A história é repleta de exemplos de governos que entram em parafuso e perdem o juízo. Quando a ex-presidente Dilma Rousseff saiu do prumo, o então líder do seu governo no Senado, Delcídio Amaral, fez o diagnóstico: “A presidente e o PT ainda não entenderam que são um saci pererê com Complexo de Centopeia”. Esse é um fenômeno universal. O desespero é mau conselheiro.
Quem agora está nessa ciranda é o presidente Jair Bolsonaro, seu clã e trupe. É impressionante como a queda de sua popularidade e o cerco das instituições a erros e crimes aceleram o processo de tiros no próprio pé. Se teve um tempo em que alguns setores importantes na sociedade, boa parte do PIB por exemplo, fingiam não ver, agora despertaram. Com a troca de guarda no comando dos Estados Unidos, as piruetas de Bolsonaro e sua trupe no enfrentamento da pandemia, no desmatamento da Amazônia e de outros biomas, as ameaças a democracia deixaram de ser folclóricas.

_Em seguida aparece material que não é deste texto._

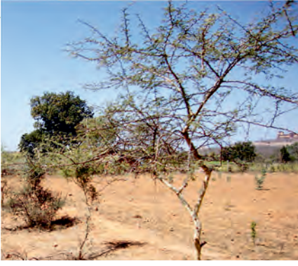
खेत की मेड़ पर कुमट का रोपण

बुंदेलखण्ड में कुमट के वृक्ष से रोपण के 5 वर्ष पश्चात् ही गोंद का निकलना आरंभ हो जाता है। झांसी स्थित केन्द्रीय कृषिवानिकी अनुसंधान संस्थान में स्थापित कृषिवानिकी प्रारूप में कुमट के 5 वर्ष के वृक्ष से गोंद की औसत उपज 38.2 ग्राम प्रति वृक्ष प्राप्त हुई, जबकि 6 वर्ष वाले वृक्षों से औसतन 58.7 ग्राम गोंद प्रति वृक्ष प्राप्त हुआ। इसके विपरीत कृषकों के खेतों पर लगाये गये कुमट के वृक्षों पर गोंद का निकलना 7 वर्ष की आयु में देखा गया। इससे यह स्पष्ट है कि यदि सही रखरखाव किया जाये तो कुमट के वृक्ष से रोपण के 5-6 वर्षों बाद गोंद मिलना शुरू हो जाता है। ऐसा अनुमान है कि 12 से 15 वर्षों के पश्चात् एक परिपक्व कुमट के वृक्ष से औसतन 250 ग्राम गोंद प्रति वर्ष प्राप्त हो सकता है। यदि एक कृषक अपने खेत में 10×10 मीटर की दूरी पर अथवा मेड़ पर 100 कुमट के वृक्ष लगाये एवं गोंद की उपज को 500 रुपये प्रति कि.ग्रा. की दर से बेचे तो उसकी वार्षिक आमदनी में लगभग 12500 रुपये की बढ़ोतरी हो जायेगी। कुमट के गोंद का रिसाव अक्टूबर-नवम्बर एवं मार्च-अप्रैल में होता है। गोंद के रिसाव को प्राप्त करने के लिए कुमट के वृक्षों में हल्की छंटाई की जाती है। छंटाई के 30-40 दिनों के पश्चात् गोंद रिसता है, जो बाद में सूखकर सख्त हो जाता है। यह गोंद वृक्ष से अलग करके एकत्र कर लिया

Há um basta mundo afora — entidades multinacionais, governos, instituições financeiras, investidores e opinião pública — às molecagens da gestão Bolsonaro. Foi traçada uma régua. Não dá mais para achar que todo mundo é trocha, aqui e lá fora, para acreditar em mentiras cada vez mais ridículas.
Bolsonaro está acuado. Insiste em blefes como um golpe militar, convocar o Exército para reprimir o combate a pandemia por quem o está fazendo, e articulações malucas para conseguir o controle das instituições. Esse jogo até aqui pode ter dado certo na Procuradoria-Geral da República, na Advocacia-Geral da República e, a conferir, na Polícia Federal. No Supremo, ainda não colou.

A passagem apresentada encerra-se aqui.